§ Work to complete
Within the records that follow, restate exactly the lines from the line with "CHINESE ZODIAC FIGURINE – DOG 3483" down to the line with "Picture 30. YouLead", including both. Omit the pictures.

(Collected data)
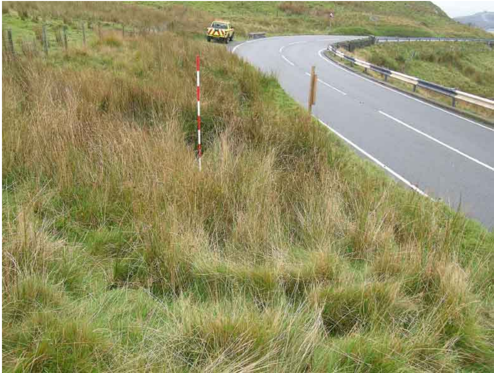
Plate 1 Site 17 Sub-rectangular scoop
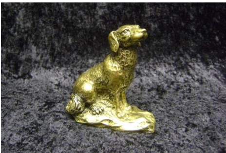
CHINESE ZODIAC FIGURINE – DOG 3483
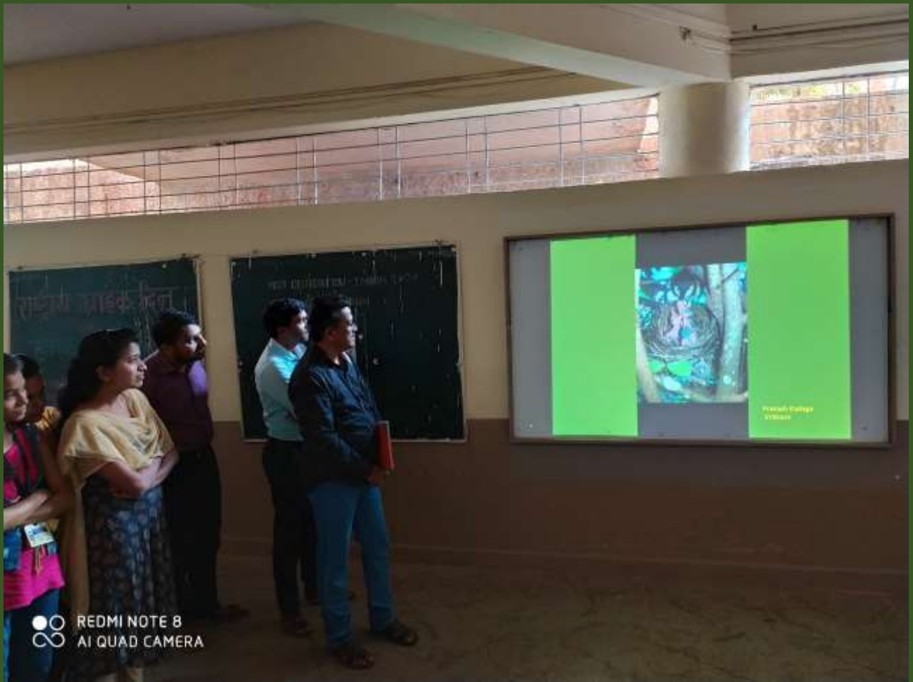
World Wildlife Day, Animal Photography Competition, 2019-20 A photo for display
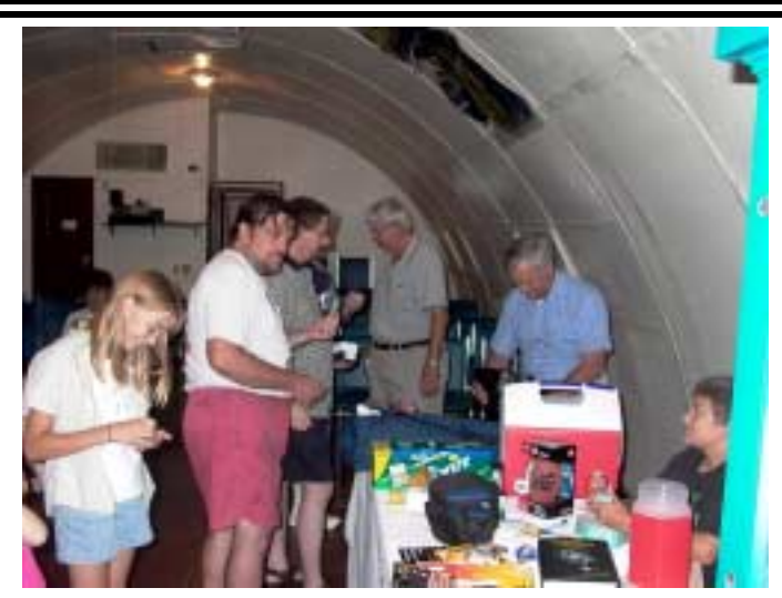
Members signing up and checking out the great door prizes given by our generous sponsers this year.

As always our sponsors played a big part in our door prizes. I'd like to thank Anacortes Telescope and Wild Bird, Astronomy Magazine, Jim's Mobil, Meade Instruments, Orion Telescope and Binocular, Sky & Telescope
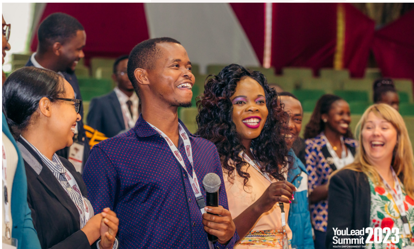
Picture 30. YouLead Summit Delegates during Day 1 of YouLead Summit 2023

We believe in forging partnerships towards meaningful youth inclusion and strategic plans for the Africa we Want, henceforth, we reiterate this precious token of appreciation to our partners and look forward to more sustainable approaches to development.
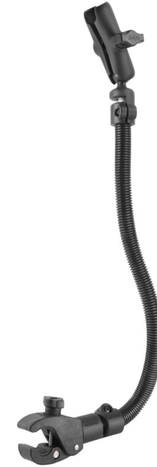
RAP-400-18-B-201 RAM® Tough-Claw™ with 26" Extension Arm

§ Solution for this exercise
CHINESE ZODIAC FIGURINE – DOG 3483
World Wildlife Day, Animal Photography Competition, 2019-20 A photo for display
Members signing up and checking out the great door prizes given by our generous sponsers this year.

As always our sponsors played a big part in our door prizes. I'd like to thank Anacortes Telescope and Wild Bird, Astronomy Magazine, Jim's Mobil, Meade Instruments, Orion Telescope and Binocular, Sky & Telescope
Picture 30. YouLead Summit Delegates during Day 1 of YouLead Summit 2023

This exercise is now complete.